Tekil Mesaj gösterimi
Alt 22. September 2008, 02:26 AM   #2
dost1
Site Yöneticisi
 
dost1 - ait Kullanıcı Resmi (Avatar)
 
Üyelik tarihi: Sep 2008
Mesajlar: 3.076
Tesekkür: 3.618
1.093 Mesajina 2.442 Tesekkür Aldi
Tecrübe Puanı: 100000
dost1 is on a distinguished road
Standart

Sütün Batı uygarlığına gelişi

Evcil sığır, Amerika kıtasına özgü bir hayvan türü değildir (1). Gerek Kuzey Amerika yerlilerinin, gerekse Güney Amerika yerlilerinin aşina oldukları büyükbaş hayvan türü bizondur. Bizonların evcilleştirilmesi, ya da bir yerde zapt edilebilmesi hemen hemen imkânsızdır. O nedenle Amerika yerlileri çiftçilik ve mandıracılık hakkında pek fazla bir tecrübeye sahip değillerdi. Onlar, avcılıktan anlıyorlar ve hayatlarını bu şekilde idame ettiriyorlardı.

Amerika kıtasına gelen ilk evcil sığır, 1525 senesinde Meksika’ya gelmiştir (1). Sonradan Teksas sığırı olarak adlandırılacak olan bu sığırlar, çoğunlukla Kanarya Adaları ve Avrupa’dan gelmekteydi. 1600’lü yılların başına kadar Güney Amerika’nın yerlileri ile buraya yerleşen koloniler bu sığırlarla ne yapacaklarını bilmiyorlardı.

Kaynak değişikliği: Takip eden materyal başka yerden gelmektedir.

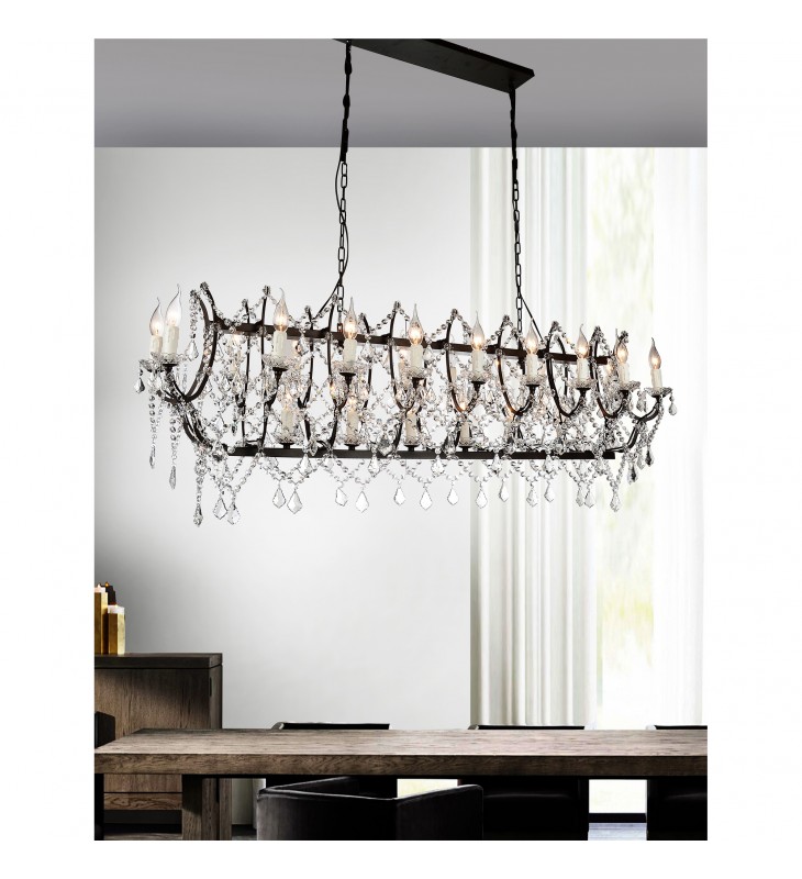 With beauty akin to a glowing goddess, the oversized Phraya 21 Light Up Chandelier shines majestically. One can\'t help but notice its crystal teardrops cascading from a metal frame in a light brown finish. Twenty-one candelabra bulbs add a layer of elegance to this crystal powerhouse.\n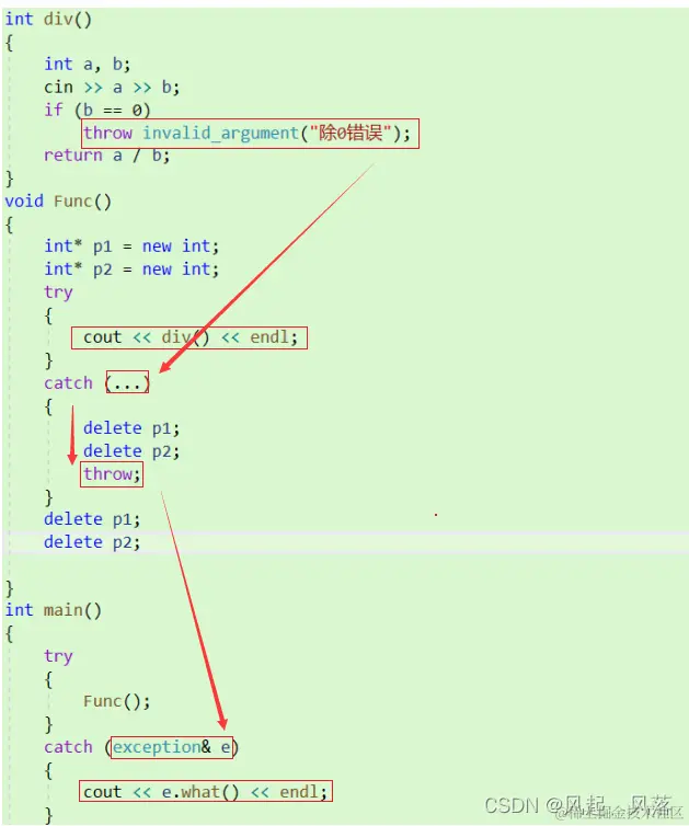 可以看出处理起来非常麻烦,存在内存泄漏的问题(只进行new,但没有delete) 第二个new抛异常要释放第一个new,div抛异常要释放前两个new 若再添加一个new,则又会存在new抛异常的问题,还需添加 try catch

Uzun bir süre bu sığırlar ya çiftçi sahipleri tarafından yenildi, ya da derileri için öldürülüp kalan organları vahşi köpeklere terk edildi. Doktor Schmid’e göre bunun başlıca nedeni, Güney Amerika’ya yerleşen kolonilerin büyük bir çoğunluğunun ilgisinin ya altın madenlerinde ya da tütün üretiminde olmasıydı.

Ancak bu hazır yiyiciliğin hazin sonu er ya da geç kendisini gösterecekti. Nitekim 1600’lü yıllara gelindiğinde eldeki yiyecek kaynakları, sayıları hızla artan kolonileri doyurmaya, yetmemeye başladı (1). Yıl 1610’leri gösterdiğinde, Amerika’nın ilk önemli kolonilerinden olan Jamestown kolonisinde halkın yarıya yakını yetersiz beslenmekten ve ağır hayat koşullarından hayatını kaybetti. İleri görüşlü bir lider olan Sir Thomas Dane’in gemisiyle 100 kadar ineği Jamestown’a getirmesiyle başlayan mandıracılık, bir bakıma burada yaşayan birçok insanın hayatını kurtarmış ve sonradan gelecek olan diğer göçmenlere altyapı hazırlamıştır.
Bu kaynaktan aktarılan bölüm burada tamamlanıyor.